What you and I missed

The many actions that could have been implemented by our medical schools in the past to eliminate the present-day problems that all private medical practice physicians continue to struggle with now have been intentionally avoided by medical school administrators.

For some financial reasons, medical school scholars are determined to create small-business physicians and business-ignorant medical doctors. Recently, the requirements for medical school entrance applications have been reduced, which reduces the quality and value of physicians.

All of us in pre-med should have had a business education then—and didn’t. Pre-meds should have been stimulated to also begin doing due diligence about going to the right medical school for the right reasons. About 100% of pre-meds never do that. I didn’t because I expected that to happen sometime in med school—and I didn’t.

Most medical students never think about what happens after medical school. Who’s paying for you to start your private practice? You have no credit, no job, and can’t get loans easily. Thoughts of increasing educational debt wiped out all those considerations.

Your medical school does not care about you or your future medical practice outcomes. If they did, we all would have been offered or provided with a business education during medical school.

Later, most physicians discover that all their mental expectations for their future medical career outcomes are rarely fruitful. And it’s often too late to do much about losing your private practice for financial reasons.

Dealing with the business of medical practice

The conviction of about 50% of medical school students today seems to solve the big problem of money/income by securing employment positions right out of residency training. That kind of superficial thinking, however, disregards all the consequences that result from employment status for physicians—complete domination of every physician’s medical career and lifestyle.

Employment relieves worry about paying off educational debts and adds stability and security to lifestyles. In exchange for that, every highly trained and skilled physician soon discovers far more career restrictions that commonly handicap top physicians who desire to expand their skills and control their career destiny.

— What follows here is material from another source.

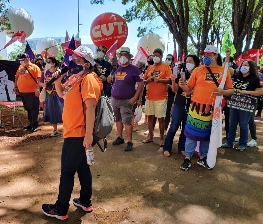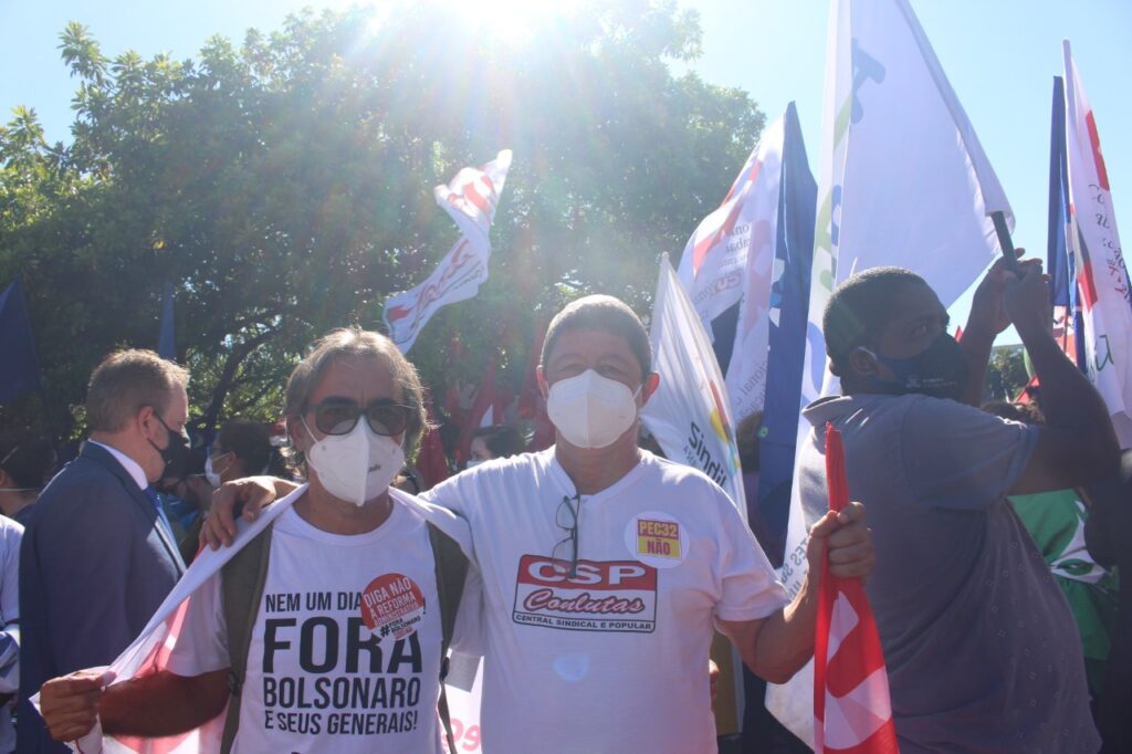 Ele vem participando dos diversos atos realizados ao longo desta semana. Na segunda e terça-feira (25 e 26), ocorreram protestos nos aeroporto de Brasília para pressionar os e as parlamentares a se posicionarem contra a reforma Administrativa, que representa o desmonte dos serviços públicos e um profundo ataque aos direitos do funcionalismo público municipal, estadual e federal.

Such controlled restrictions on physicians often lead to dumping employment, which throws them back into the startup position all private practice physicians face right out of residency.

ADVERTISEMENT

Employment escapes the need for physician business education and knowledge. Self-employment requires it—it is now all on you unless failing in private medical practice is acceptable.

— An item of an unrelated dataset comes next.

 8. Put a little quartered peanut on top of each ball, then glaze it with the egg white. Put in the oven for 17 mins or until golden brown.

The other 50% (about 500,000 physicians in practice today) of graduating medical students face the problems of starting practice without business education, knowledge, and money. It places every private practice physician at the same level as 5% of small commercial businesses that survive after five years (90% fail).

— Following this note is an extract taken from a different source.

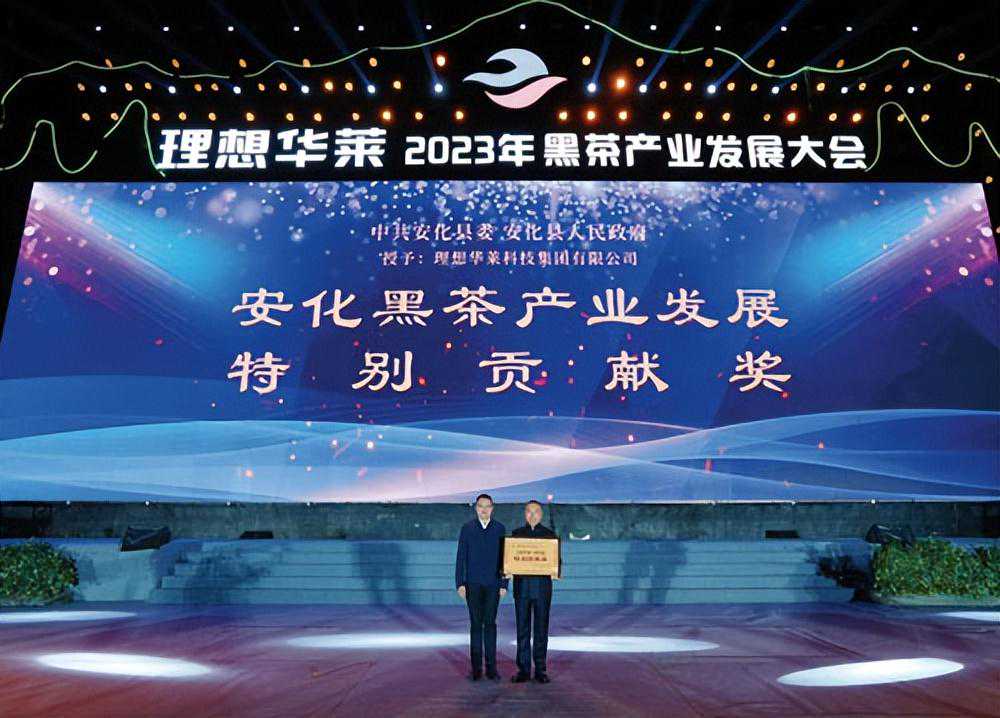 大会现场,安化县委书记石录明为理想华莱科技集团有限公司(以下简称“理想华莱”)颁发“安化县黑茶产业发展特别贡献奖”。

Those results all stem from the same cause—a lack of the business tools and knowledge that keep you out of financial quicksand.

Most medical students are brainwashed into believing that business education is not a requirement for the practice of medicine. But elite medical school scholars forget to tell you that all businesses are created to make money, which means the success of a business is totally dependent on enough income to maintain and support a medical practice, grow the business, and support family member obligations. So how does that work out for you?

Don’t you hate being told the facts that your arrogance despises?

Everyone is aware that a person or physician can’t do much in life or practice without money. Some physicians who have a good degree of intelligence and diligence see the value and benefits of business education. About 98% of physicians don’t. Why is there such a difference?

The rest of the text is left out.